Deep Dive
Aleph Alpha builds theoretical inference model for DeepSeek: Deriving performance from hardware primitives
Aleph Alpha created a theoretical inference model for DeepSeek v3 to estimate throughput from hardware parameters, analyzing trade-offs across GPU setups to help practitioners optimize performance and cost for large MoE models.

The German AI research lab Aleph Alpha has published a detailed report on a theoretical inference model they built for DeepSeek v3, currently the most popular open-source large language model. The work is meant to give organizations a practical handle on the tricky interplay between latency, throughput, and cost when deploying large mixture-of-experts (MoE) models in production.
DeepSeek v3 has gained real traction in the open-source community thanks to state-of-the-art performance and recent inference-time optimizations that make the model surprisingly efficient to serve despite its enormous size. The Aleph Alpha team wanted to understand how those architectural decisions and optimizations actually work in practice, so they built a model that estimates throughput based on specific hardware parameters.

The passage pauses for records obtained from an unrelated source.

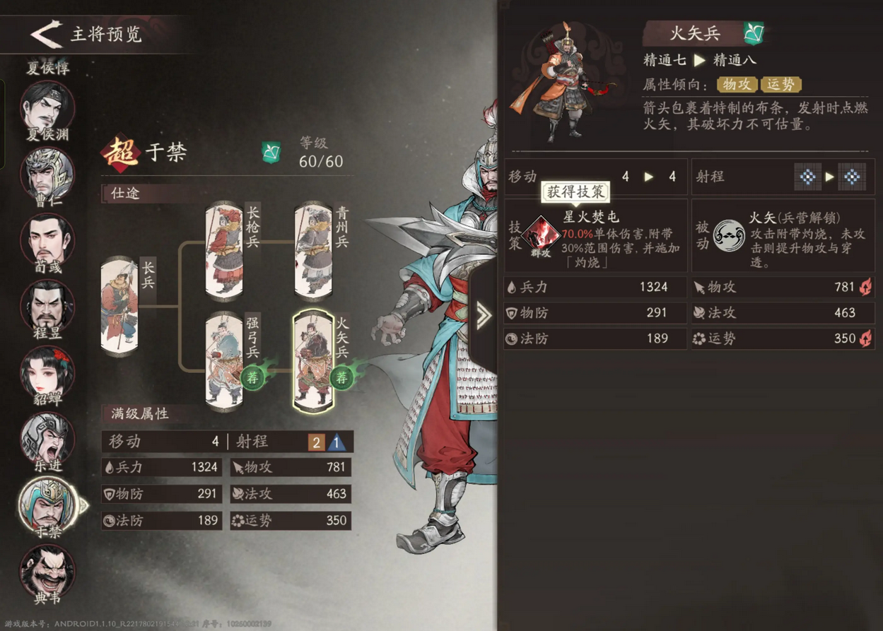 作为弓手,于禁也是吃高暴击的运势与会心。其次选择物攻高的装备。
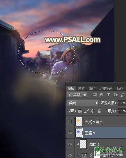 14、渲染高光。新建一个图层,用椭圆选框工具拉出下图所示的选区,羽化50个像素后填充蓝色#4B59C4,暂时不用取消选区,把混合模式改为“柔光”,如下图。
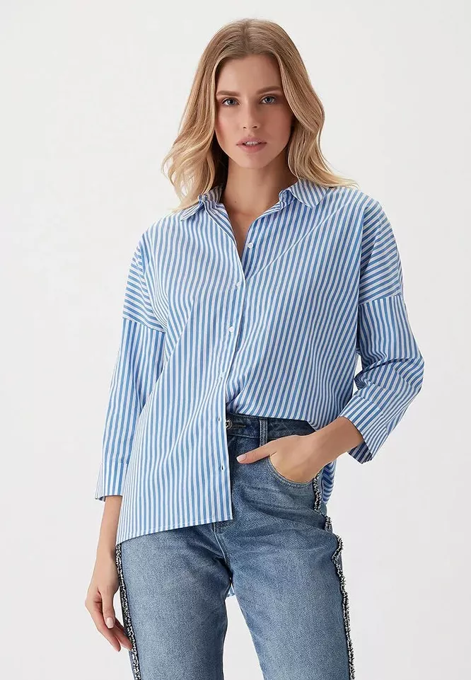 Объемную рубашку в голубую полоску можно носить как на голое тело, так и использовать в качестве верхнего слоя на майку, футболку или топ. Она круто смотрится с джинсами, сочетается с легкими платьями кукольного кроя и летящими юбками миди.

Methodology and key findings
The theoretical model breaks down how factors such as GPU count and interconnect speed shift the performance bottleneck among compute, memory, and communication bandwidth. The report maps out these trade-offs across various hardware setups, offering guidance for practitioners looking to fine-tune their inference infrastructure.
One of the core challenges with MoE models like DeepSeek v3 is that they introduce sparsity in the forward pass, which can lead to imbalanced load across experts and unpredictable communication patterns. Aleph Alpha's model accounts for these complexities by treating the inference pipeline as a series of interdependent stages, each constrained by different hardware primitives.
Implications for deployment
The findings suggest that for many configurations, the bottleneck isn't raw compute but memory bandwidth or inter-GPU communication. That has direct implications for hardware procurement and cluster design. Organizations may need to prioritize high-bandwidth interconnects over sheer GPU count to achieve optimal inference throughput.
Aleph Alpha notes that their model is intentionally simplified to focus on the most critical variables. "Our goal is to provide practical insights for anyone navigating the complex world of large MoE model inference," the team stated in their blog post.
Broader context
This work arrives at a time when open-source LLMs are increasingly being adopted for enterprise applications, and the cost of inference remains a key barrier. Models like DeepSeek v3, while powerful, require careful tuning of hardware and software stacks to be economically viable at scale.
The Aleph Alpha report adds to a growing body of research aimed at making LLM inference more predictable and efficient. By offering a theoretical framework that ties hardware primitives directly to performance, the team hopes to help practitioners make informed decisions about infrastructure investments.
The full report, available for download from Aleph Alpha, includes detailed data and analysis for various hardware configurations. It promises to sharpen intuition around inference performance for large MoE models.